Jun 4, 2025 | 12:44 PM

NANAIMO — A Vancouver Island University professor hopes provincial recognition for his work will help a passion project honouring the past continues thriving.

VIU history professor Dr. Stephen Davies was honoured recently by the B.C. Historical Federation with their Award of Recognition for his work with the Canadian Letters and Images Project, spanning around 25 years.

Davies told NanaimoNewsNOW he found out about the honour in mid-April and was “quite surprised and very pleased” to be celebrated by peers, but took the award as recognition for not only him but his team whose preserved over 40,000 individual letters, photos, diary entries and more.

“I think [the recognition is] going to help increase the profile of the project, hopefully bring more users into the project, perhaps find some funding as well so I think it’s really a testament not to myself, but to the materials that the project holds and the importance of the project has for Canadians generally.”

Starting as a project for his students at the turn of the century, Davies hoped to borrow 100 to 200 letters from around the First World War for his students to collect, digitize and work on.

The material didn’t stop after 200, with countless families offering their keepsakes on loan to be digitized then safely returned.

“We’re literally bringing materials out of closets and attics, they’re stories of ordinary Canadians. These are people that most people would not hear about, but their stories are important, it helps put a face to the name on the cenotaph, and tell us that these are real people and how important every story is.”

What started as a learning opportunity, evolved into the largest archive of its kind in Canada.

“It’s amazing what families are holding on to, and sometimes they’re single letters, sometimes it’s hundreds of letters, but we have just barely scratched the surface. People are after 25 years of just finding out about us and want to participate and want to lend us those materials.”

Davies said funding is a constant struggle.
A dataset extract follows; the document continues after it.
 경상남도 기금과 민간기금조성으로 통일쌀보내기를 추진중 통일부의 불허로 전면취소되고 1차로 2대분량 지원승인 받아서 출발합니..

The project has “never had a cent of government money”, according to Davies, and relies solely on fundraising to keep things progressing.

He used to be able to hire five or six students to help with the work, however he now just has one.
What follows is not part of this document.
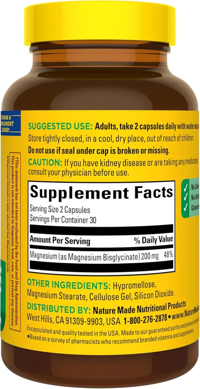 Magnesium Bisglycinate Capsules; Heart, nerve and bone support supplement: contains one 60 count bottle of Nature Made Magnesium Glycinate 200 mg per serving Capsules for a 30-day supply

“Before we had a lot of [First World War] collections, which we’re still getting in, but now [Second World War] collections are starting to come as that generation of veterans has died, as the families have these materials now, and want to do something with them. There seems to be no end to what will be available to us, our difficulty is being able to process it.”
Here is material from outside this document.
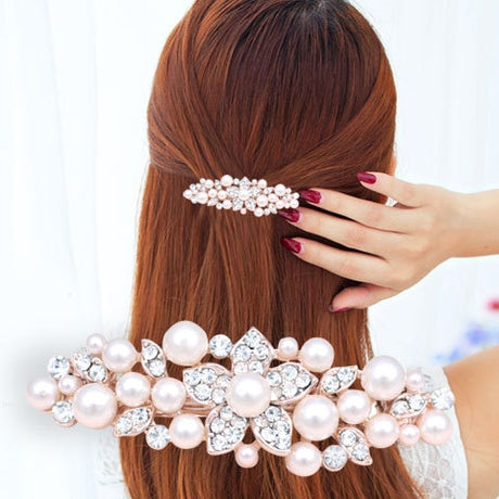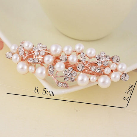 Elegant Imitation Pearl with rhinestones metal hair clip.

Davies added the scope of material is changing as well, which could form a challenge for future historians focused more on the late 20th century and beyond.

“The letter writing culture changed after Korea, and so for Afghanistan, for example, communication was very much by email, cell phones, where some of those records don’t exist anymore. The problem is trying to reconstruct that experience based on modern technology.”

Donations to the project are tax deductible and can be made through the VIU Foundation on their website.